* Exercise description
Please, from the entries below, transcribe exactly the lines that begin at the line with "Sáng ngày 21" and end at the line with "Formaat : 22", without the pictures.

* Exercise data
•••
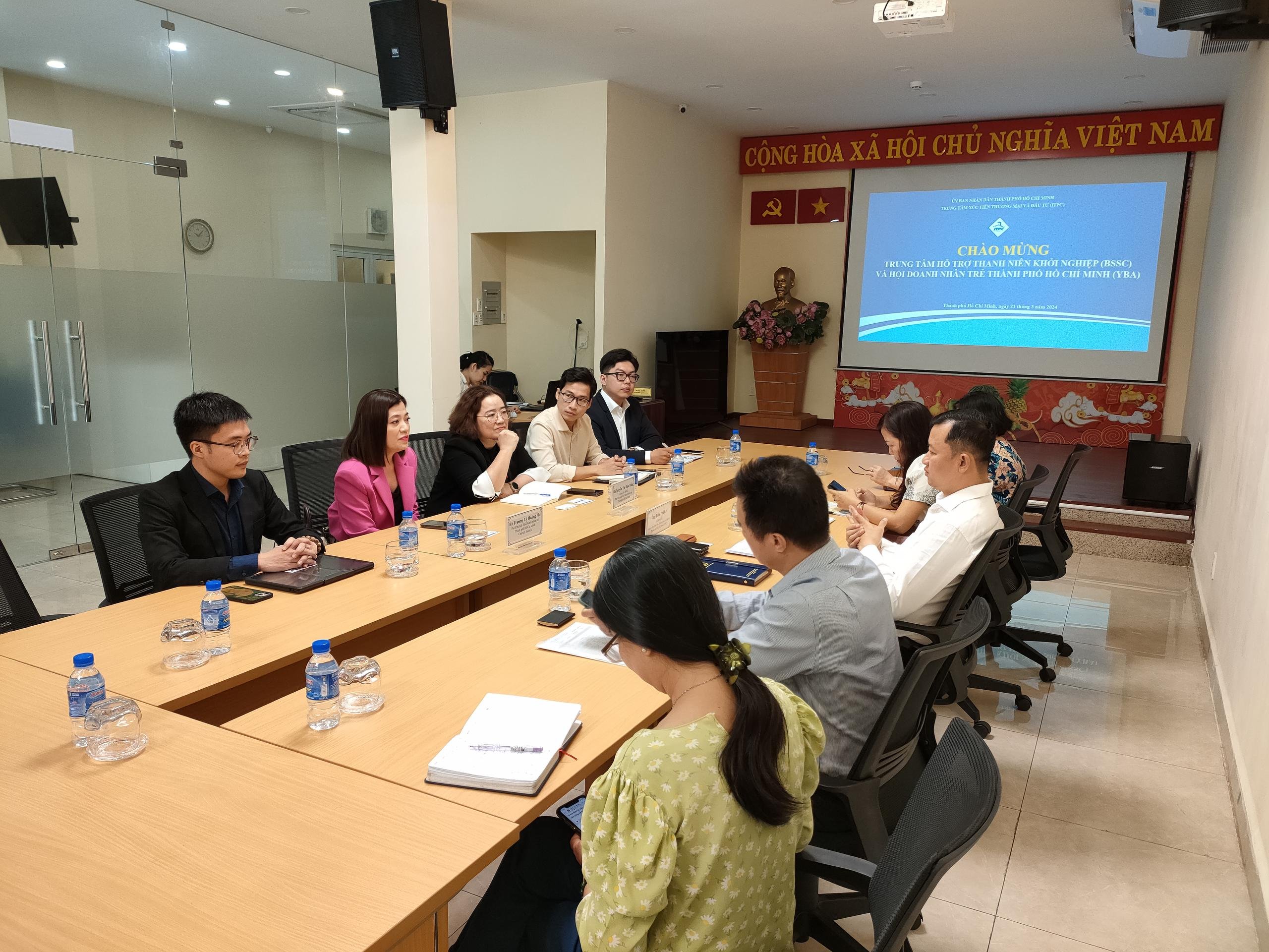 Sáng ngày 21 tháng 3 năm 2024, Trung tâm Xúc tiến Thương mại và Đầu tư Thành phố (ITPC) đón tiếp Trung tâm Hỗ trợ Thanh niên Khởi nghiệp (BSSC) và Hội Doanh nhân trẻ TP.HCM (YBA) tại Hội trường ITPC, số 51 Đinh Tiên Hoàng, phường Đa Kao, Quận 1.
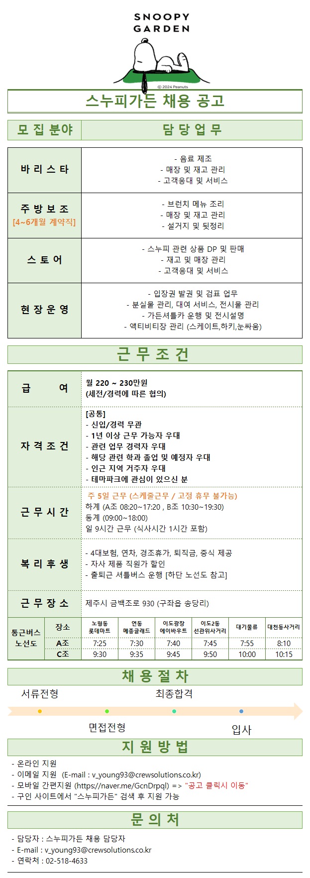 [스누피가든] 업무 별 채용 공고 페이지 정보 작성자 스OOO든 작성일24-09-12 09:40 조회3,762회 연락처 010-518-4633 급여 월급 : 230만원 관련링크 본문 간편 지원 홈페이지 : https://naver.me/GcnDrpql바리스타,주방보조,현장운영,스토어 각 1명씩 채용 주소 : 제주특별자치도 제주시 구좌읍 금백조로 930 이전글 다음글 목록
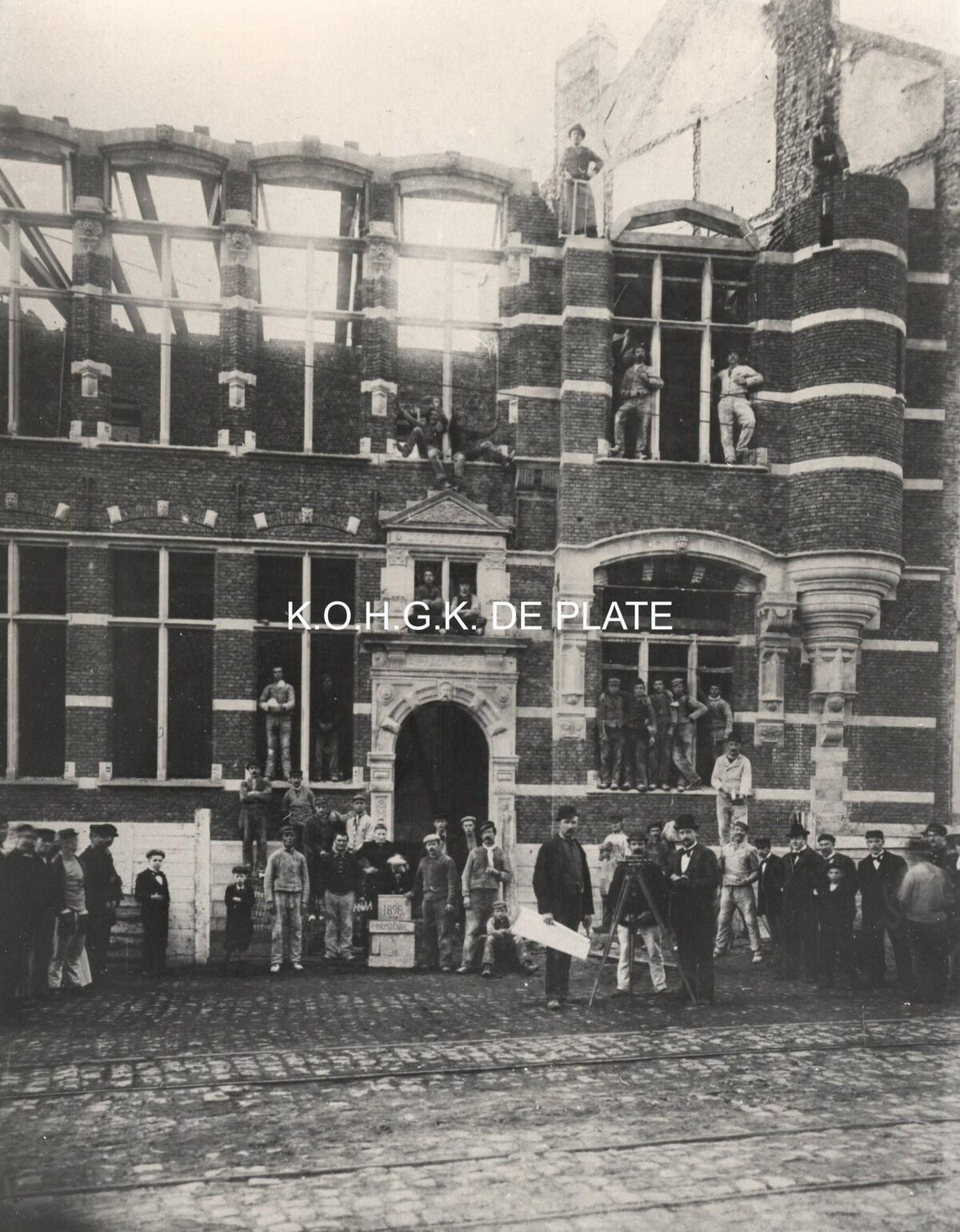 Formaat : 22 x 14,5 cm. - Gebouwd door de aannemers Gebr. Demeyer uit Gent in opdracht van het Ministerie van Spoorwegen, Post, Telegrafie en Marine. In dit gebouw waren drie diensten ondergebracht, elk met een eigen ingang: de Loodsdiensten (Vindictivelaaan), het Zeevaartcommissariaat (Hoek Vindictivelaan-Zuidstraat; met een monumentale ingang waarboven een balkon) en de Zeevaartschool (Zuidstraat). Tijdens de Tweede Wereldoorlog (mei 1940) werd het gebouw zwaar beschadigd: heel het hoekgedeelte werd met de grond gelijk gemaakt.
•••
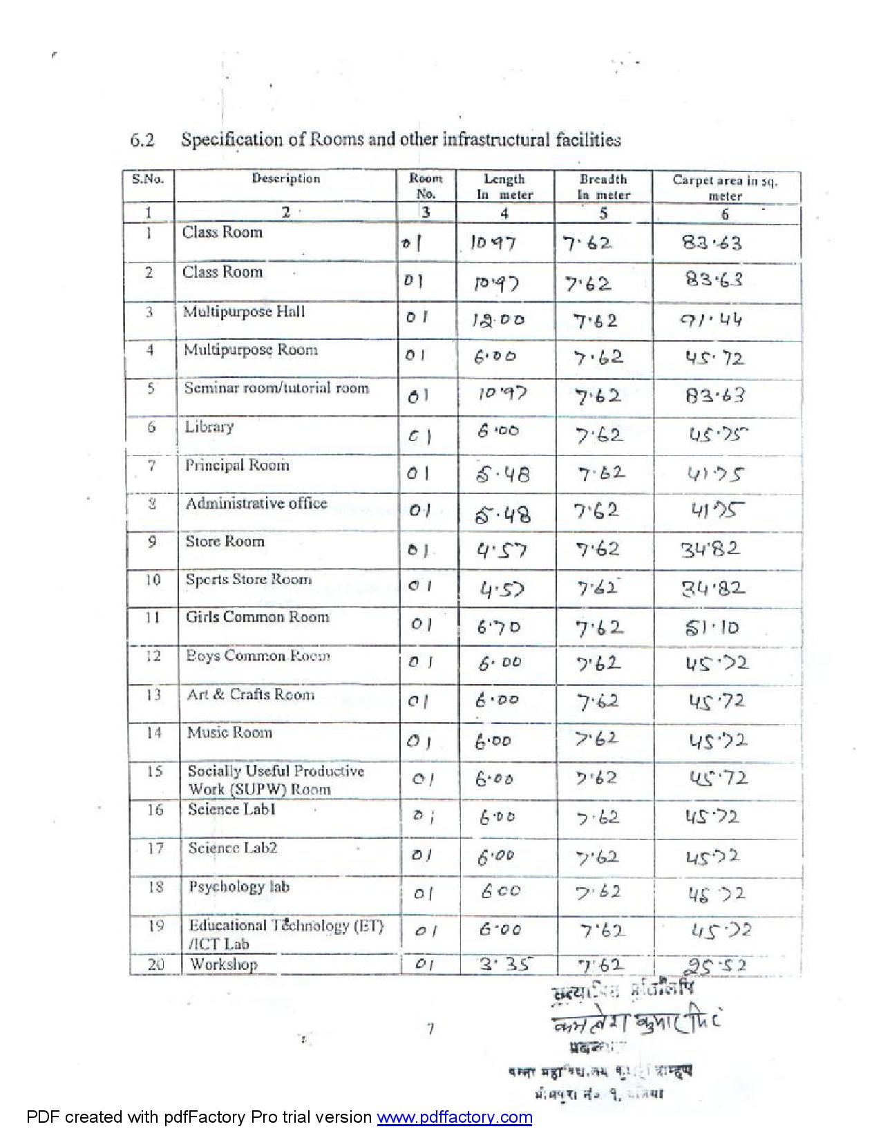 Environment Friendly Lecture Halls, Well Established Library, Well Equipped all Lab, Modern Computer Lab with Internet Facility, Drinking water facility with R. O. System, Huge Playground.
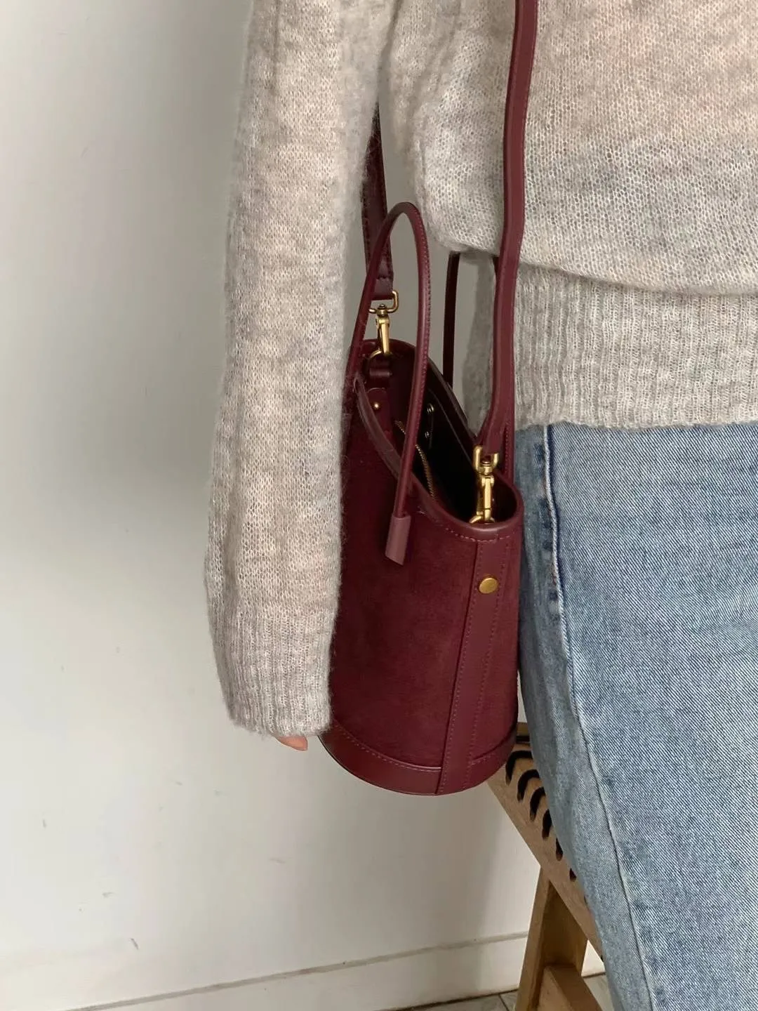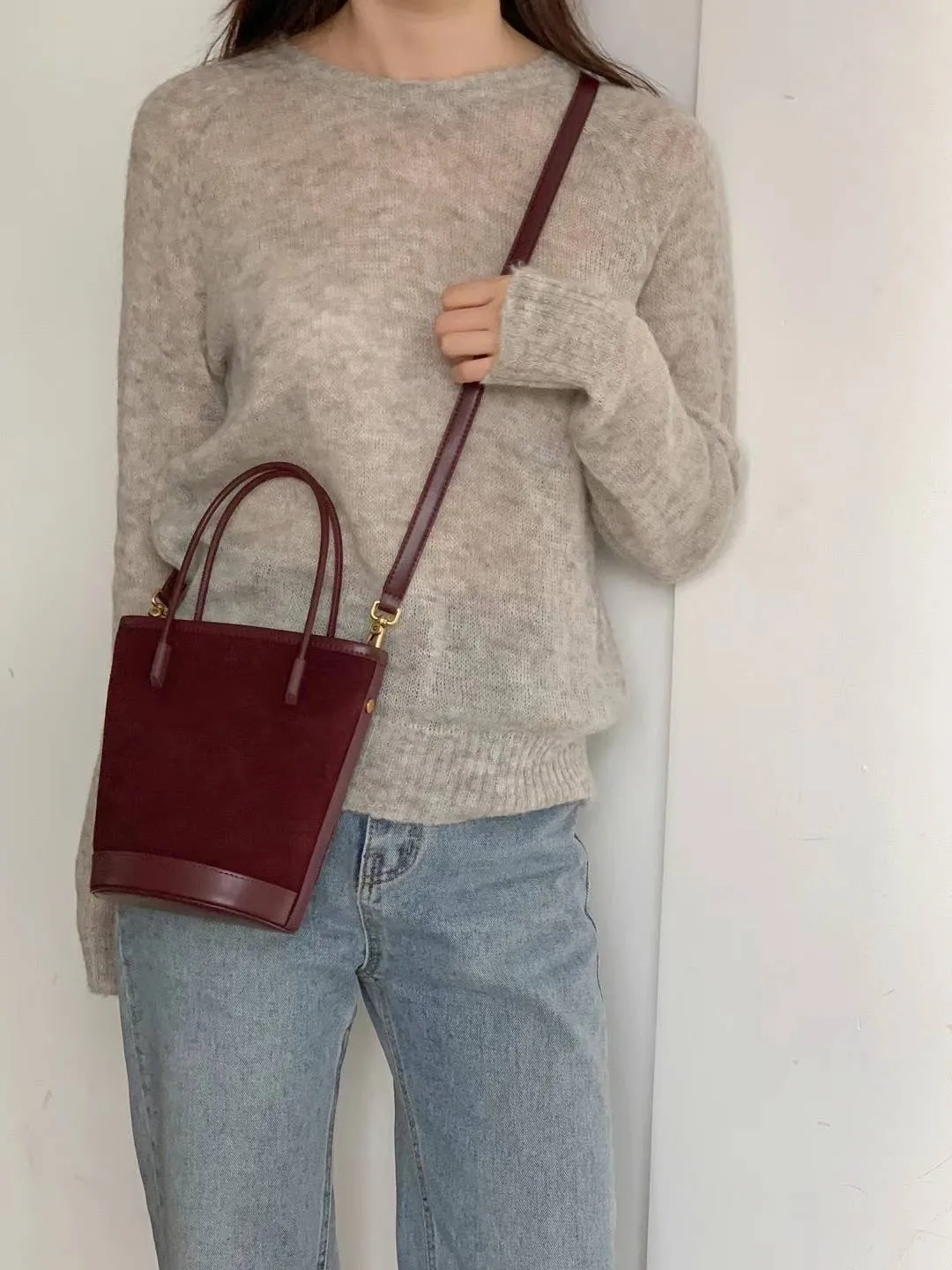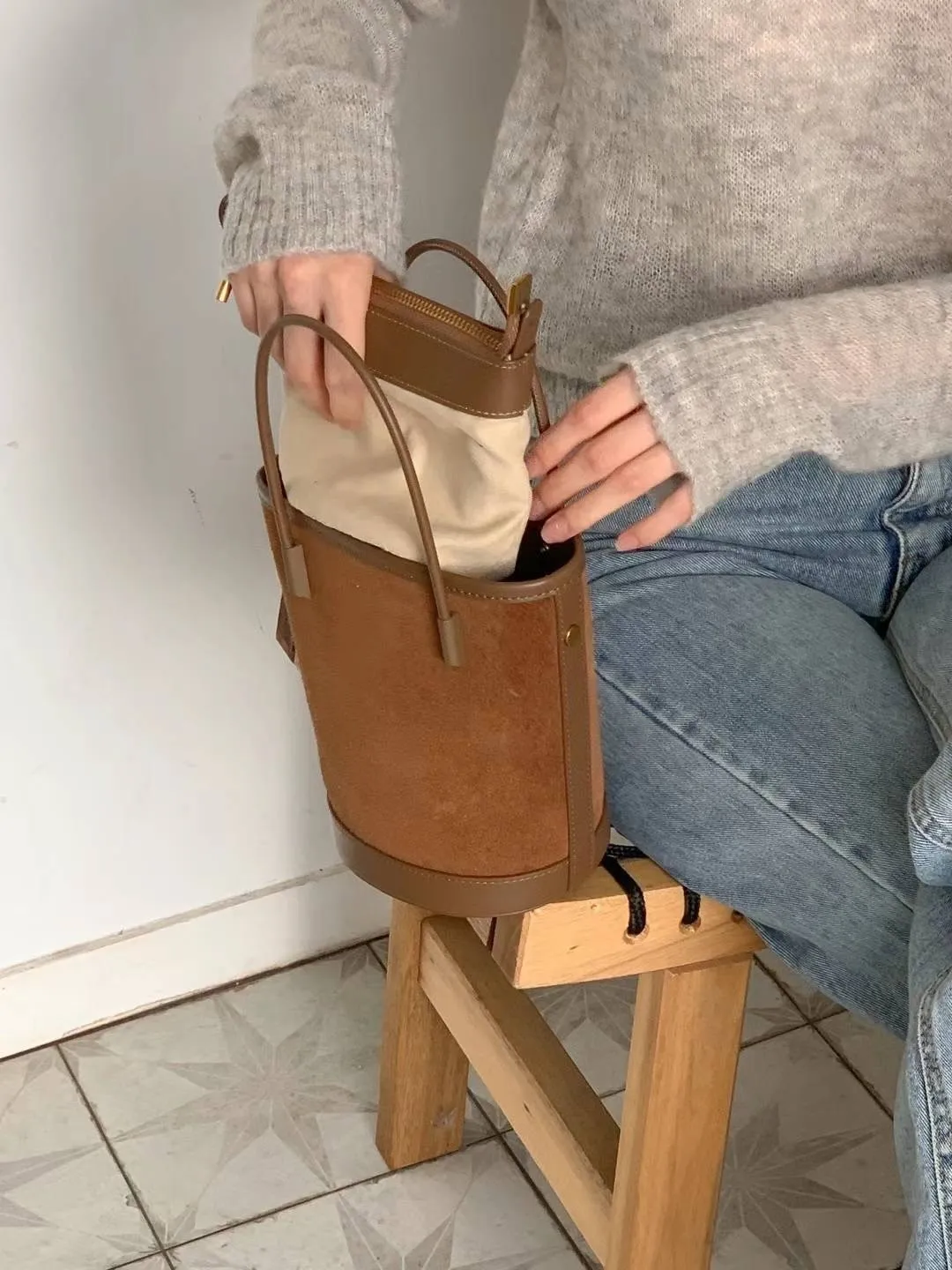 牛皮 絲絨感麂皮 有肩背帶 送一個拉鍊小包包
•••
* Your response
 Sáng ngày 21 tháng 3 năm 2024, Trung tâm Xúc tiến Thương mại và Đầu tư Thành phố (ITPC) đón tiếp Trung tâm Hỗ trợ Thanh niên Khởi nghiệp (BSSC) và Hội Doanh nhân trẻ TP.HCM (YBA) tại Hội trường ITPC, số 51 Đinh Tiên Hoàng, phường Đa Kao, Quận 1.
 [스누피가든] 업무 별 채용 공고 페이지 정보 작성자 스OOO든 작성일24-09-12 09:40 조회3,762회 연락처 010-518-4633 급여 월급 : 230만원 관련링크 본문 간편 지원 홈페이지 : https://naver.me/GcnDrpql바리스타,주방보조,현장운영,스토어 각 1명씩 채용 주소 : 제주특별자치도 제주시 구좌읍 금백조로 930 이전글 다음글 목록
 Formaat : 22 x 14,5 cm. - Gebouwd door de aannemers Gebr. Demeyer uit Gent in opdracht van het Ministerie van Spoorwegen, Post, Telegrafie en Marine. In dit gebouw waren drie diensten ondergebracht, elk met een eigen ingang: de Loodsdiensten (Vindictivelaaan), het Zeevaartcommissariaat (Hoek Vindictivelaan-Zuidstraat; met een monumentale ingang waarboven een balkon) en de Zeevaartschool (Zuidstraat). Tijdens de Tweede Wereldoorlog (mei 1940) werd het gebouw zwaar beschadigd: heel het hoekgedeelte werd met de grond gelijk gemaakt.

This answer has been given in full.